Les cours débuteront avec les enfants âgés de 5 à 8 ans avec pour but de les sensibiliser au sujet de leur intimité etde la nécessité de la préserver. Pour les 8 à 12 ans puis les 12 à 15 ans, l’accent sera mis sur la puberté et les bouleversements corporels qu’elle engendre.« Si pour les enfants, la vision est claire, pour les autres tranches d’âges, la conceptualisation est en cours. Une équipe composée de scientifiques et d’acteurs de la société civile à l’instar de l’Institut arabe des Droits de l’Homme, ONU Femmes et l’Association Tunisienne de la Santé et de la Reproduction y participe.

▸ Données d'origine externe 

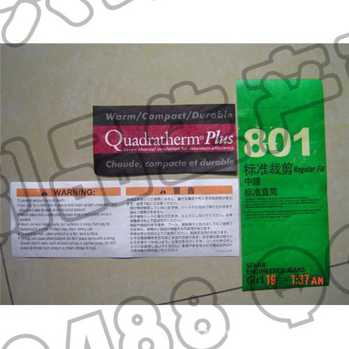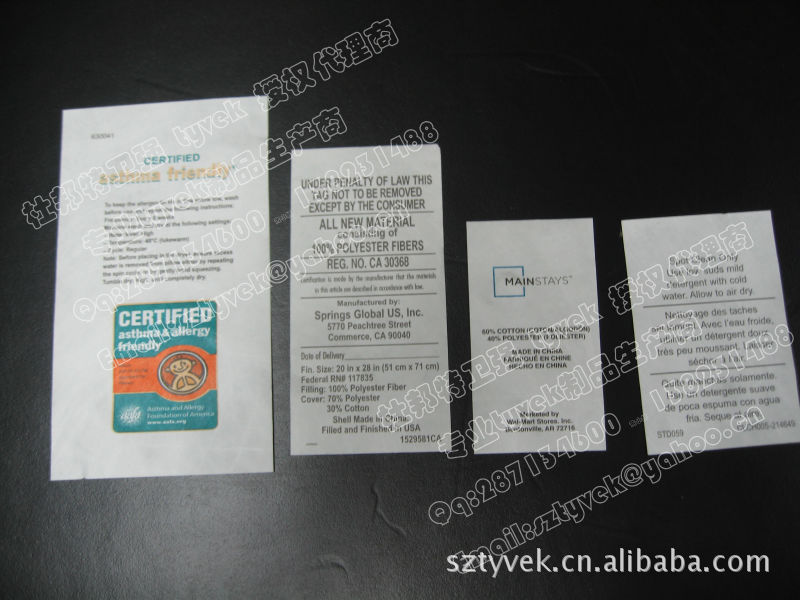 1.可缝制或粘贴,不会影响其特性2.耐用.防撕裂耐磨损,能保持标签上所印制的内容和规格数据完整清晰
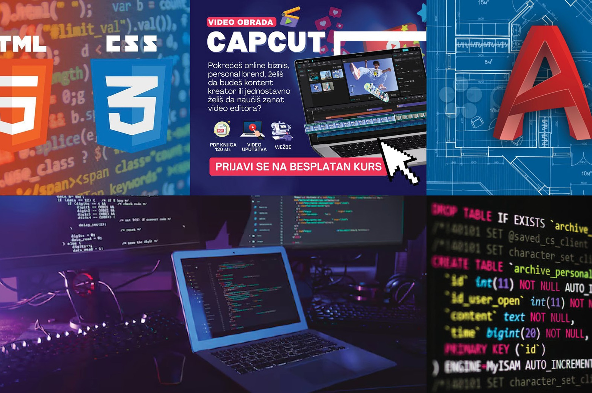 Unaprijedite svoje vještine kroz naših 18 kurseve iz web dizajna, programiranja, grafičkog i multimedijalnog dizajna, tehničkog crtanja i rada u Office alatima.
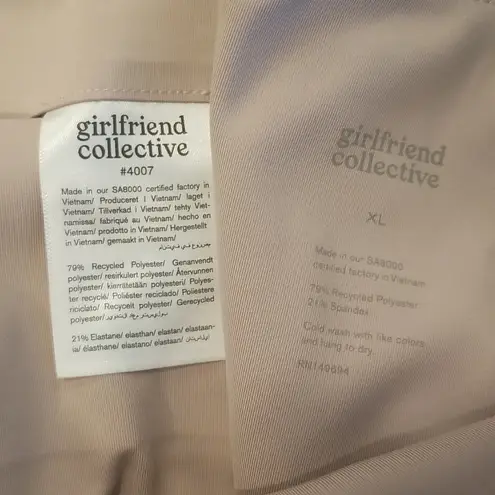 GIRLFRIEND COLLECTIVE Compressive High-Rise Legging ~ Full Length Quartz (light beige nude) XL New with tags An extra high-rise w/ four-way stretch & compressive fabric made from recycled water bottles — basically everything you need to get through your favorite high-impact activities like running, yoga & binge watching true crime Double-layered high waistband w/ interior pocket Each pair diverts 25 bottles from landfills 79% RPET & 21% spandex Waist 27" Rise 11" Inseam 28.5"
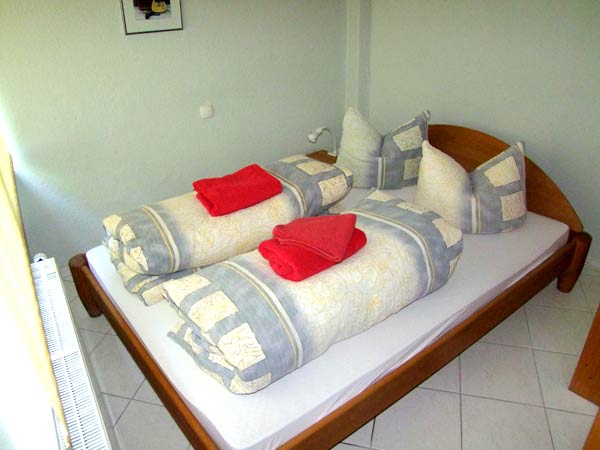 Die Ferienwohnung 1 besteht aus einem kombinierten Wohn- und Schlafraum mit Doppelbett für 2 Personen mit einer Aufbettungsmöglichkeit auf der Schlafcouch oder im Kinderbett.
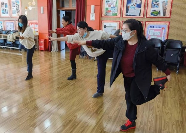 王老师首先带领老师们进行了一系列热身活动,舒展肩、颈、髋、腰、臂、腿,伸展拉筋,活动后大家感觉身体轻松了许多。老师们工作繁忙,伏案工作时间长,身体灵活度欠佳,通过热身活动,大家放松身心,暂时放下工作,以轻松愉悦的状态投入即将开展的活动。
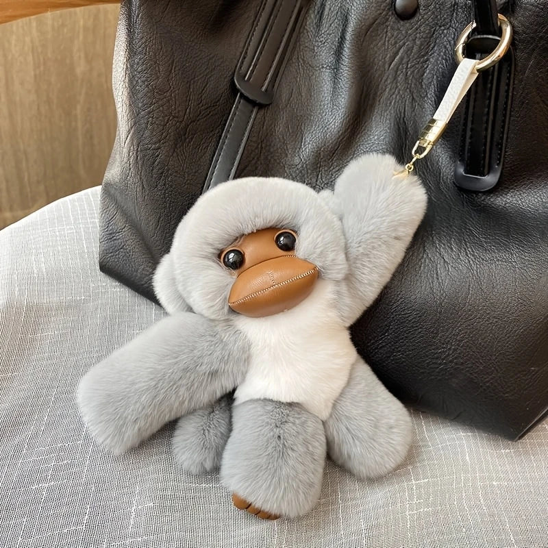 Faux fur monkey keychain charm. Accessorize your bag or keychain with this fun charm.
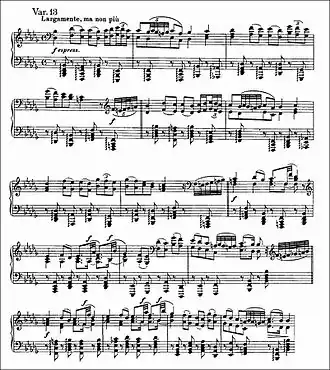 La variación 13 vuelve a la tónica menor en un tono fúnebre. Es la variación intermedia de la obra y, en opinión de Denis Matthews, el centro emocional de la misma. Las sextas de la mano derecha tocan contra acordes redondos en la izquierda, tal vez sugiriendo tambores amortiguados. Para Tovey, el tono lúgubre sugiere una "especie de marcha fúnebre húngara", mientras que Malcolm MacDonald la ve como "florida" y como "una fantasía húngara". Aquí Brahms abandona los habituales signos de repetición porque cada pasaje que se habría repetido se escribe una octava más alto.

On espère que tout sera prêt pour la prochaine rentrée scolaire », affirme notre source.

Un pas en avant malgré tout

Pédopsychiatre à l’hôpital Mongi Slim et ancienne présidente de l’Association Tunisienne des Femmes Démocrates (ATFD), Ahlem Belhaj fait partie de celles qui ont milité pour l’intégration des cours d’éducation sexuelle dans les établissements éducatifs. « Le ministère de l’Education est prudent face à la résistance de certains mais son initiative est à saluer. Qu’on s’attelle au sujet en espérant peaufiner son contenu plus tard avec l’introduction des thématiques LGBT ou les grossesses non désirées, encore taboues dans notre société », estime Dr Belhaj.

Ahlem Belhaj insiste sur les ravages de l’absence de l’éducation sexuelle à court et à long terme : «On estime qu’un enfant âgé de 10 ans a déjà été exposé à la pornographie via internet. S’ajoute à cela, le fait que les adolescents s’informent entre eux à travers des images biaisées de la sexualité. Quant aux parents, ils n’en parlent pas et quand ils le font, c’est en usant de vocabulaires surfant sur la dualité Halel/Haram, ce qui donne une image négative de la sexualité. Cette éducation est la source de certains problèmes comme le vaginisme ou l’éjaculation précoce », déplore-t-elle.

Pour la pédopsychiatre, l’éducation sexuelle doit être adaptée à l’âge de l’enfant. Dès 2 à 3 ans, l’enfant commence à découvrir son corps. « Il faut miser sur les jeux ludiques. La sexualité est avant tout une manière d’être qui englobe le rapport avec soi et avec autrui. Un rapport qui doit être basé sur des notions comme l’égalité, le partage ou encore le consentement. Par exemple, on ne doit pas forcer l’enfant à embrasser des inconnus.Ça risque de faire de lui une victime potentielle incapable d’assimiler les agressions. Maltraiter un enfant va à l’encontre aussi du respect de son intégrité physique », alerte-t-elle.

Pour Ahlem Belhaj, l’introduction de l’éducation sexuelle dans les établissements est « un pas important » mais le changement des mentalités n’est pas uniquement du ressort du ministère de l’Education. Il devrait s’opérer aussi à travers les parents, les médias ainsi que les médecins.